Abstract
Here, we set out to test the novel hypothesis that increased mitochondrial biogenesis in epithelial cancer cells would “fuel” enhanced tumor growth. For this purpose, we generated MDA-MB-231 cells (a triple-negative human breast cancer cell line) overexpressing PGC-1α and MitoNEET, which are established molecules that drive mitochondrial biogenesis and increased mitochondrial oxidative phosphorylation (OXPHOS). Interestingly, both PGC-1α and MitoNEET increased the abundance of OXPHOS protein complexes, conferred autophagy resistance under conditions of starvation and increased tumor growth by up to ~3-fold. However, this increase in tumor growth was independent of neo-angiogenesis, as assessed by immunostaining and quantitation of vessel density using CD31 antibodies. Quantitatively similar increases in tumor growth were also observed by overexpression of PGC-1β and POLRMT in MDA-MB-231 cells, which are also responsible for mediating increased mitochondrial biogenesis. Thus, we propose that increased mitochondrial “power” in epithelial cancer cells oncogenically promotes tumor growth by conferring autophagy resistance. As such, PGC-1α, PGC-1β, mitoNEET and POLRMT should all be considered as tumor promoters or “metabolic oncogenes.” Our results are consistent with numerous previous clinical studies showing that metformin (a weak mitochondrial “poison”) prevents the onset of nearly all types of human cancers in diabetic patients. Therefore, metformin (a complex I inhibitor) and other mitochondrial inhibitors should be developed as novel anticancer therapies, targeting mitochondrial metabolism in cancer cells.
Introduction
Mitochondria are not only the powerhouse of the cell, but they also play a critical role in the metabolism of proliferating cells.Citation1 Despite these known function(s) in cell growth and division, the role of mitochondria in carcinogenesis has been largely ignored for many years because of the “Warburg hypothesis.”

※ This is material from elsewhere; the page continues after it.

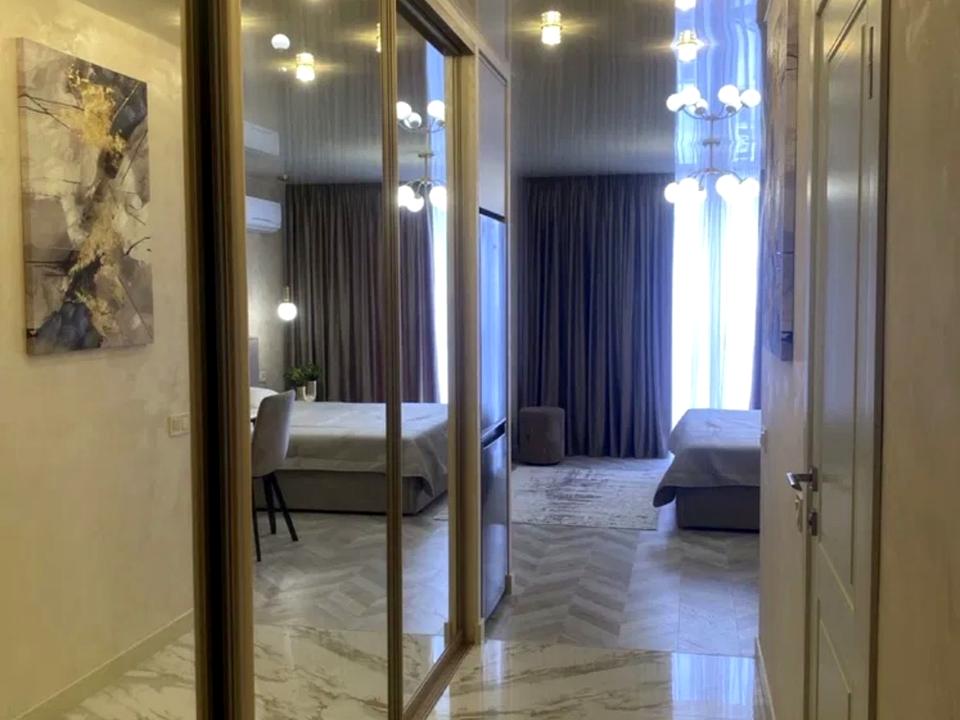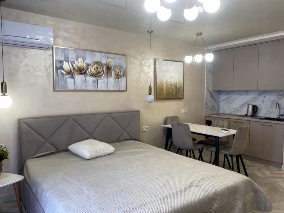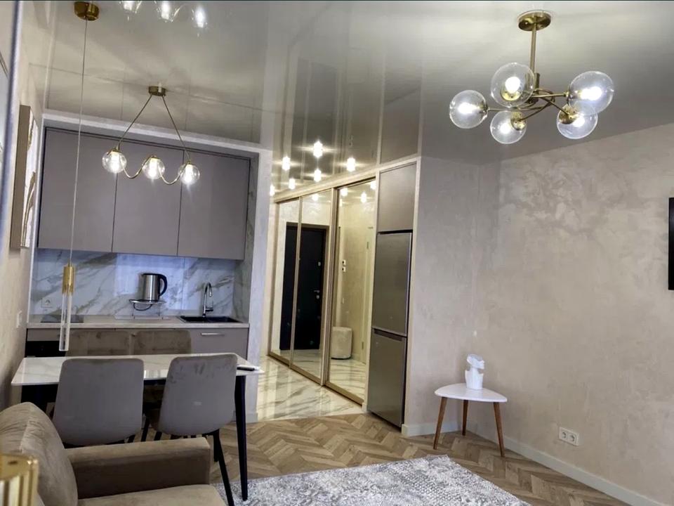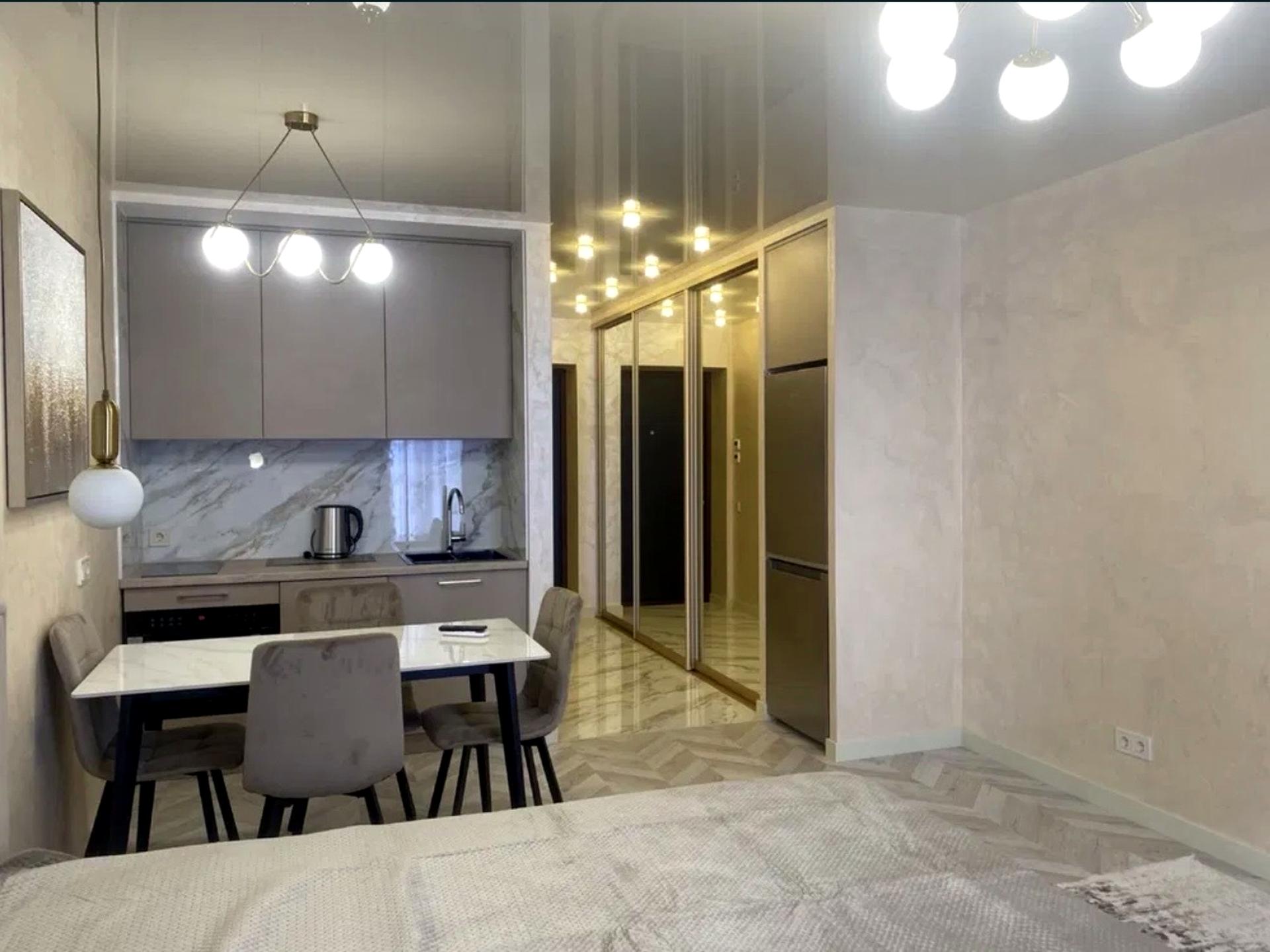 В квартирі 1 кімната, висота стелі 2.7 метра, Технологія будівництва - Монолітно-каркасна, Тип будинку - Спец. проект. Кухонна плита електрична. Є балкон. У квартирі є Підігрів підлоги, Кондиціонер, Пральна машина, Сушильна машина, Холодильник, Мікрохвильовка, Посудомийна машина, Посуд. Будинок побудований в 2025 році. Загальний стан квартири - З ремонтом. Безбар'єрність: дверні отвори в будинку шириною понад 0.9 м, пандус. Кількість санвузлів: 1. Інтернет оптоволоконний. Працює без світла - вода, опалення, інтернет. Тип кухні - кухня-студія. Кількість спален: 1. Є підземний паркінг, доступний як укриття. Комісія за послуги 100 %

Warburg’s hypothesis, also known as “aerobic glycolysis,” postulates that tumor cells shut down their oxidative mitochondrial metabolism and depend only on glycolysis, even under oxygen-rich conditions.Citation2 This hypothesis discounts the fact that glycolysis produces a very low-yield of ATP, while cancer cells have high-energy demands for ATP. This implies that cancer cells cannot really depend solely on the glycolytic pathway to produce their energy. Utilizing the end products of glycolysis via oxidative mitochondrial metabolism [the TCA/citric acid cycle and oxidative phosphorylation (OXPHOS)] would be a much more efficient method of providing energy to cancer cells, which are in desperate need of ATP molecules.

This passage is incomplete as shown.